The folding of the newspaper… reminds me so of my dad… he could fold a perfect newspaper to fit under his arm in record time… but perfectly folded every time!! That was an art form!!
Lovely piece and as always I love your illustrating pictures. Today especially ‘Resting woman’. I feel I could be friends with her. We would sit and read our papers and drink our drinks companionably, sharing odd snippets that catch our fancy.

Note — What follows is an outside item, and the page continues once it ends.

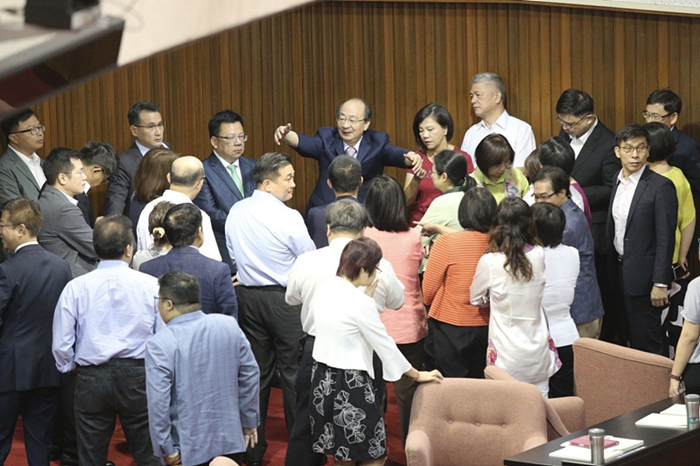 據報道,國民黨團書記長曾銘宗一早6時就先到場坐在主臺上準備,其余“藍委”接近8時陸續進場在主席臺上開會,展開占領行動。
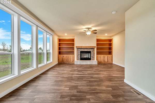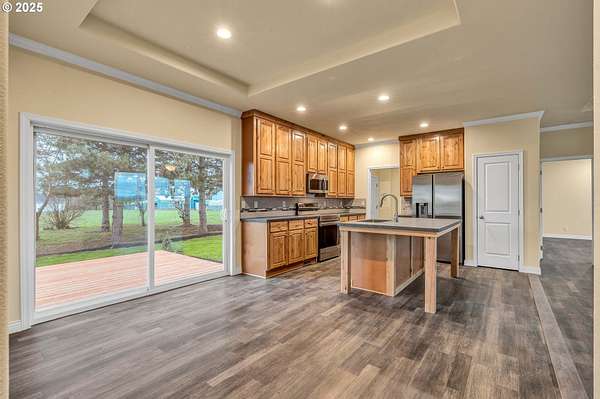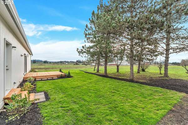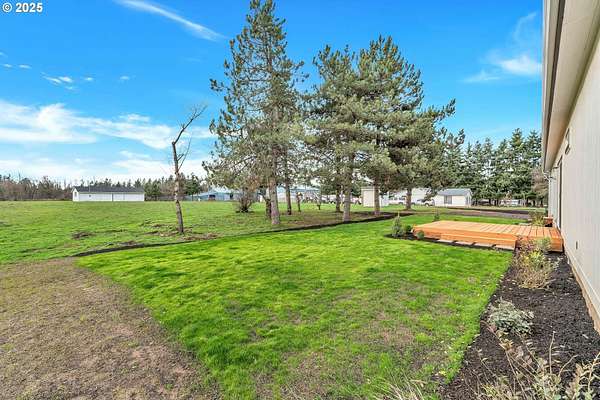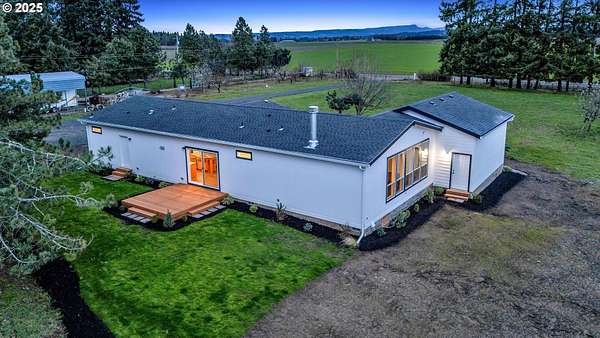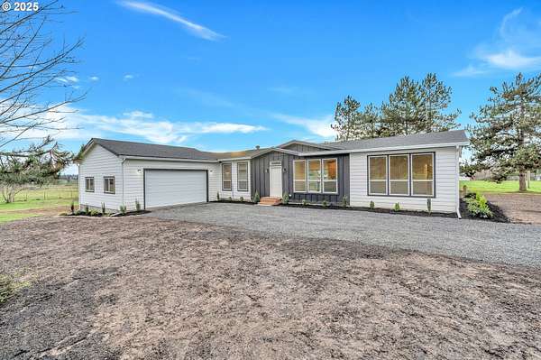 This flat 5-acre property offers an exceptional opportunity for peaceful living with room to grow. This fully fenced lot is perfectly flat and has all new gravel, driveway and gate. It features a brand new Golden West Home, 2025 manufactured home that is pit set on a poured concrete slab. It is 1836 sqft and has a 24x24 ft garage, 3 bedrooms and 2 bathrooms, showcasing a beautiful design and a spacious kitchen with high-quality appliances. An open-concept layout connects the kitchen, dining, and living areas, while sliding doors from the dining room lead to a back deck, perfect for indoor-outdoor living. Oversized windows throughout fill the home with natural light. The primary suite includes an ensuite bath with double sinks. Spacious family room features a wood burning fireplace. Outside, enjoy a huge yard with all new landscaping, a large outbuilding with new roof and electrical. New well house serviced this year and septic system. Back yard is well maintained, muddy part is seed planted to match grass.

Lovely piece this morning. Growing up in Surrey I commuted to school in Croydon and my dad caught the 7.50 to London Bridge each day. All commuters in those days sat in the same seat, no chatting and hid behind a newspaper. Later whilst at sixth form , a broadsheet enabled enough cover for a sneaky kiss! On the way home The Standard or News was picked up from a man near the platform for the return journey. Later, part of my working life was spent at The Economist ( I was a draughtsman ) not a journalist and every Thursday the weekly edition was ‘put to bed’ at the typesetters in Camden. I loved the back to front typesetting and proof reading the galley presses. Over Christmas I tried to have a cull of my recipe files. Nothing beats the curled up edges of a much loved recipe from an old Women’s Weekly or a novelty cake from Family Circle with evidence of icing mishaps . Needless to say not many pages headed for the bin.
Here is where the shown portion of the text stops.